I tried to rewrite as:

if match = re.search(some_regex_1, s):
    # ...
elif match = re.search(some_regex_2, s):
    # ...
elif ....
    # ...
...

but Python doesn't allow that syntax. What should I do to avoid deep indentation in this case?

Le Curious
  • 1,451
  • 1
  • 13
  • 13
  • The answers below address this specific case, but, generally, it's important to note that you need `if a == b: ... ` in Python, not just one equals sign as you have above. Or, depending on the scenario, `if a is b: ...` The `elif` statements above work in theory, but you need the equals-equals. – Karmel May 21 '12 at 18:45
  • 1
    @Karmel, I think he's trying to assign and test `match` for truthness at the same time, like folks might do in C: `while (data=fread(fp)) {` – JoeFish May 21 '12 at 18:51
  • Good point. I thought is was a more general assumption. My apologies, @Le Curious :) – Karmel May 21 '12 at 18:55

3 Answers3

6
regexes = (regex1, regex2, regex3)
for regex in regexes:
    match = re.search(regex, s)
    if match:
        #do stuff
        break

Alternatively (more advanced):

def process1(match_obj):
    #handle match 1

def process2(match_obj):
    #handle match 2

def process3(match_obj):
    #handle match 3
.
.
.
handler_map = ((regex1, process1), (regex2, process2), (regex3, process3))
for regex, handler in handler_map:
    match = re.search(regex, s)
    if match:
        result = handler(match)
        break
else:
    #else condition if no regex matches
Silas Ray
  • 25,682
  • 5
  • 48
  • 63
  • Nice! You probably want to enumerate the regexes so you can keep track of which regex was matched though. `for i, regex in enumerate(regexes): ...` – Junuxx May 21 '12 at 18:39
  • @Junuxx, wasn't in the spec, but sure, could be useful in some cases. You might also just want to know that something was matched to handle the final else condition. – Silas Ray May 21 '12 at 18:40
  • I assumed that the 'do stuff' could be different depending on which regex it matched and you don't want to test it again :p – Junuxx May 21 '12 at 18:41
  • I suggest to add variable i, so you would be able to easily check which regex has matched.
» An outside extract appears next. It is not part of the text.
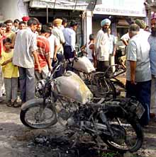 A new Hero Honda parked outside a motor cycle agency and two other motor cycles were also destroyed in the fire. Fire Brigade personnel had a tough time in putting out the fire. The cause of the fire could not been ascertained immediately. |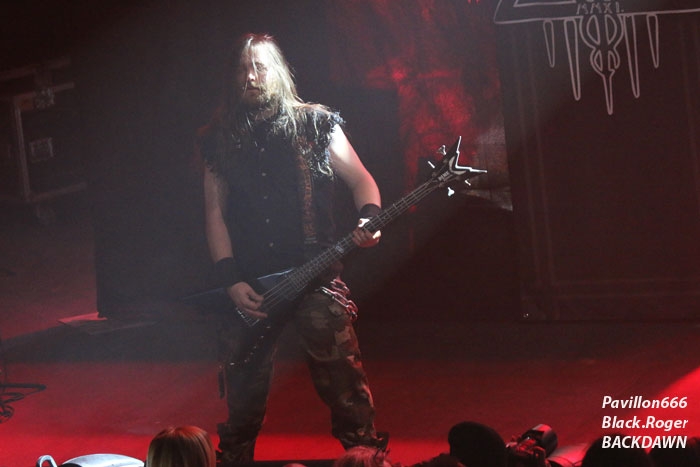 En effet dès 19heures, ils sont tous là, les thrashers invétérés, métalleux et rockers de tous poils dans une longue file d’attente dans le froid de ce printemps particulier. Mais qu’importe, tout ce beau monde a hâte de découvrir cette salle et, bien évidemment, les trois formations de thrash venues ici pour en découdre et nous plaquer contre les murs d’enceintes cela va de soi ! Ouverture des portes à 20heures, première formation sur scène dès 20heures trente, ça ne traine pas ce soir ! Honneur donc aux métalleux savoyards BACKDAWN qui ont la lourde tâche d’ouvrir les débats avant les deux formations cultes de la Bay Area aux « states », formations qui les ont certainement inspirés au départ de l’aventure. Alors ce soir, Chris, Tisa, Will et Drazel vont pendant seulement une petite demi-heure nous faire goûter à leur NWOTM (New Wave Of Thrash Metal) qui donne un second souffle au style, n’inventant rien, mais n’abimant rien non plus au contraire y ajoutant énergie et passion. Ils ont donc tout compris au film et depuis seulement 4 ans ils ont accouché d’un EP et d’un « full-lenght » intitulé « Through Extermination », tout un programme ! De plus ils ont déjà écumé bien des scènes notamment celle du Wacken open Air 2014 car se retrouvant vainqueurs de la finale française du W.O.A Metal Battle, et ayant ouvert récemment pour Behemoth en Suisse. Ce soir BACKDAWN fut découvert par beaucoup de monde et leur set a fait mouche. Peut-être qu’un peu plus de lights aurait contenté les photographes, c’est le seul reproche à formuler car ils ont su « chauffer » le public et c’est bon signe. Groupe à suivre de près car ces Savoyards ont toutes les cartes en main pour devenir un grand de demain, qui sait ? C’est au tour maintenant d’EXODUS de venir nous donner une bonne dose du fameux thrash de San-Francisco, thrash culte s’il en est depuis l’an de grâce 1980. Bien sûr ce thrash des 80’s a connu des hauts et des bas et EXODUS a de ce fait changé de line-up bien souvent. Mais depuis un an ou deux les vieux briscards de la côte Ouest profitent d’une certaine "embellie" du style et profitent donc de ce renouveau pour nous en mettre de nouveau plein la vue (et les oreilles aussi). Le guitariste Gary Holt (orange juice California sic) fidèle au poste depuis le début et Steve « Zetro » Souza revenu au chant après plusieurs aller-retours, se sont adjoint des acolytes puissants ne faisant pas dans la dentelle. Fatalement ce soir, le groupe va nous assommer avec son thrash destructeur de neurones. Les riffs des deux préposés à la six cordes Altus et Holt sont impressionnants d’efficacité et de puissance avec un Steve nous faisant profiter de son agressivité millésimée, micro en main. La patte Exodus est toujours reconnaissable entre mille évidemment, les soli lame de rasoir étant toujours placés au bon endroit, on savoure, on se délecte de ce thrash AOC. qui n’a pas pris une ride depuis le temps mais a encore gagné en maturité le poing rageur en l’air ! Au menu de la set-list des titres de leur nouvel album « Blood In Blood Out » comme « Black13 », « Blood In Blood Out », « Salt The Wound », « Body Harvest », mais aussi du plus ancien comme Bonded By Blood » et « Pirahna » Que du bon donc, de l’Exodus pur jus imparable avec un line-up en forme, une déco de scène remarquable et une prèsence incroyable, que demander de plus ? Rien, leur show fut remarquable à tout point de vue, un retour sur le devant de la scène inespéré, Exodus nous a surpris et remis les pendules à l’heure tout simplement. D’ailleurs le public ne s’y est pas trompé en déclenchant non-stop, circles-pit et walls of death dans la sueur et la bonne humeur, incroyable ! Second gros « morceau » de la soirée, voici après un certain temps d’attente tout de même, les vétérans du Thrash californien TESTAMENT qui se présentent à nous devant un décorum très remarqué avec un line-up de rêve à savoir Chuck Billy, Eric Petterson, Alex Skolnick, Steve Di Giorgio et Gene Hoglan. Que la tuerie commence donc dans une salle en ébullition et un public chaud et brûlant comme de la braise. Chuck Billy, Alex Skolnick et Eric Petterson ont tenu le coup depuis la création du groupe en 1983 et Gene Hoglan, Steve Di Giorgio sont venus plus tard compléter un line-up incroyable dans le style car étant des musiciens hors pair dans leur domaine. Alors ce soir, ce sera une destruction irrémédiable de ce qu’il nous reste de neurones avec des envois sans compromis, un son énorme et une chorégraphie scénique incroyable pour un groupe qui affiche tout de même plus de trente ans au compteur du metal. Le Cheyenne Chuck Billy (The Chief) et son bâton-micro lumineux dirige ses troupes pour un thrash rapide, nerveux et brutal même si un côté mélodique sous-jacent tempère par moments les morceaux avec bien sûr les refrains adéquats. Bon, soyons clairs, tout n’est pas extrêmement varié dans les titres proposés ce soir et à l’occasion on pourrait déceler une certaine linéarité et un manque d’inspiration en filigrane. Mais bon, la qualité d’interprétation, l’impact imparable des musiciens compensent le tout et au final c’est bien ce qu’est venu chercher le public ce soir, du metal qui tâche, qui vous éclate la cervelle sur un rythme d’enfer. Et cela a fonctionné au-delà de nos espérances. Chuck Billy et ses acolytes nous ont mis une bonne claque comme seul le thrash old-school pouvait le faire dans les 80’s, la technique en plus. TESTAMENT a donc prouvé encore une fois qu’il était toujours l’un des grands maitres du style californien tout simplement. Alors merci à ces vétérans de nous avoir fait passer un moment salement accrocheur cette nuit à Grenoble, un moment qui fera date j’en suis sûr. Set-list en photo. Réussite totale pour ce concert d’anthologie qui rest

After iteration if i == num of regex, then no regex has matched. – kravemir May 21 '12 at 18:42
  • Oh yeah, I see your points. Though then you end up with another if/elif/else construct... let me put in something better. – Silas Ray May 21 '12 at 18:42
  • 3
    Instead of 'if not result' you can use an 'else' block in the for loop. – Kamil Kisiel May 21 '12 at 18:51
  • 1
    @KamilKisiel Good call, changed. – Silas Ray May 21 '12 at 18:53
2

If you can use finditer() instead of search() (most of the time you can), you could join all your regexes into one and use symbolic group names. Here is an example:

import re

regex = """
   (?P<number> \d+ ) |
   (?P<word> \w+ ) |
   (?P<punctuation> \. | \! | \? | \, | \; | \: ) |
   (?P<whitespace> \s+ ) |
   (?P<eof> $ ) |
   (?P<error> \S )
"""

scan = re.compile(pattern=regex, flags=re.VERBOSE).finditer

for match in scan('Hi, my name is Joe. I am 1 programmer.'):
    token_type = match.lastgroup
    if token_type == 'number':
        print 'found number "%s"' % match.group()
    elif token_type == 'word':
        print 'found word "%s"' % match.group()
    elif token_type == 'punctuation':
        print 'found punctuation character "%s"' % match.group()
    elif token_type == 'whitespace':
        print 'found whitespace'
    elif token_type == 'eof':
        print 'done parsing'
        break
    else:
        raise ValueError('String kaputt!')
pillmuncher
  • 10,094
  • 2
  • 35
  • 33
0
if re.search(some_regex_1, s) is not None:
    # ...
elif re.search(some_regex_2, s) is not None:
    # ...
elif ....
    # ...
...

search() returns None if there is no match found, so in your if statement it will proceed to the next test.

Andrew Sledge
  • 10,163
  • 2
  • 29
  • 30